The last point of the match came with Halep serving into the ad court. Ostapenko stepped up to the ball, for the however-manyth time that day, and blasted a backhand down the line. Halep never had a chance at it, and 20-year-old Jelena Ostapenko won the French Open.

Let’s hope Ostapenko keeps it up. I hope there’s no hangover going into Wimbledon. I want to see her do the same thing there.

Novak, Adrift

Besides La Décima, of everything else that happened during the French Open, it was Novak Djokovic all but sprinting scared from the court during and after his third set against Dominic Thiem that my mind keeps coming back to. To think that a year ago, he looked absolutely invincible. Now, he floats along in a tiny lifeboat in the middle of a wide, wide ocean, and lacks any obvious means of propulsion.

I was going through old recordings on the DVR, and I happened to find the last fifteen minutes of the final of last year’s U.S. Open. The narrative of the Open going into that match was, “See, this summer was just a blip. Novak is back in the final.” But I believe strongly now that his erstwhile success there hid just how big the problem he was facing really was. It took him four sets to get out of his first round match against Jerzy Janowicz, the kind of player he was beating six months earlier in a fashion that looked more like a workout on the practice court than an actual competitive match. He got a walkover in the next round, then his opponent retired just six games in in the third. Yes, in the fourth, he dispatched Kyle Edmund in three easy sets. In the quarters, he got up two sets to none against Jo-Wilfred Tsonga before Tsonga retired. He looked shaky in beating Gael Monfils in four sets, Gael Monfils who played a strange, almost disrespectful match, appearing to want to annoy Novak more than actually play against him. Monfils admitted afterward that he simply didn’t believe that he could actually beat Novak Djokovic, which I promise you guaranteed that he couldn’t. But all of that was forgotten as Djokovic made the final. He made the final! Novak is back!

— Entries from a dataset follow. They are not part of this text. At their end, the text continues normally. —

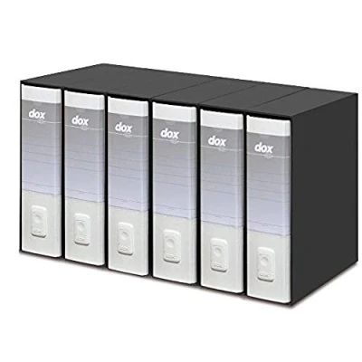 A4 size the dox cover gives stability - ensuring that the file "never falls over" and that contents are kept clean and secure Smart professional design, ideal for open shelving and front office Easy to store vertically or horizontally and to access via unique extra-stron pull tabs on the spine Reversible spine label in transparent pocket enables quick and easy identification Made from heavy weight recycled board covered with black embossed paper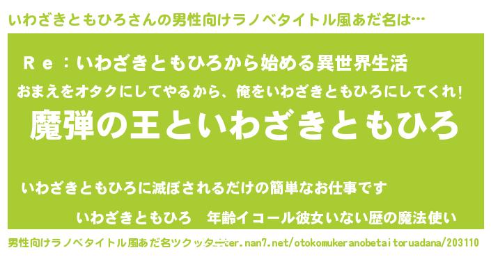 | 意味不明あだ名 | 『住所不定無職いわざきともひろ(12歳)』 |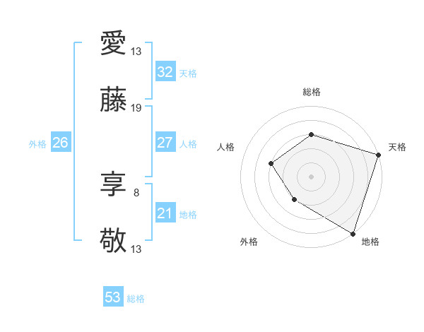 愛藤 享敬さんを姓名の画数から五運を鑑定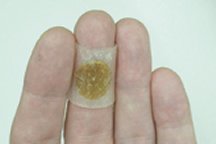 FUTURE FIRST AID. Prototype of a bandage containing a silicon sensor. Scientists are designing a sensor that would change color to show an infection.

He won the first set in that final in a tiebreak, but he lost the second and third and, at the point where my recording started, was down a break in the fourth. Over the course of the match, he’d been pretty much comprehensively outplayed by Stan Wawrinka. During one of his final return game, the camera caught him wearing a look on his face just like we saw last week against Dominic Thiem. It was not just that he was losing, and he didn’t like to lose. He looked, instead, like a man utterly lost. Like the question he was asking himself wasn’t, “Why can’t I win today?” but instead, “Who is this person in what used to be my body?”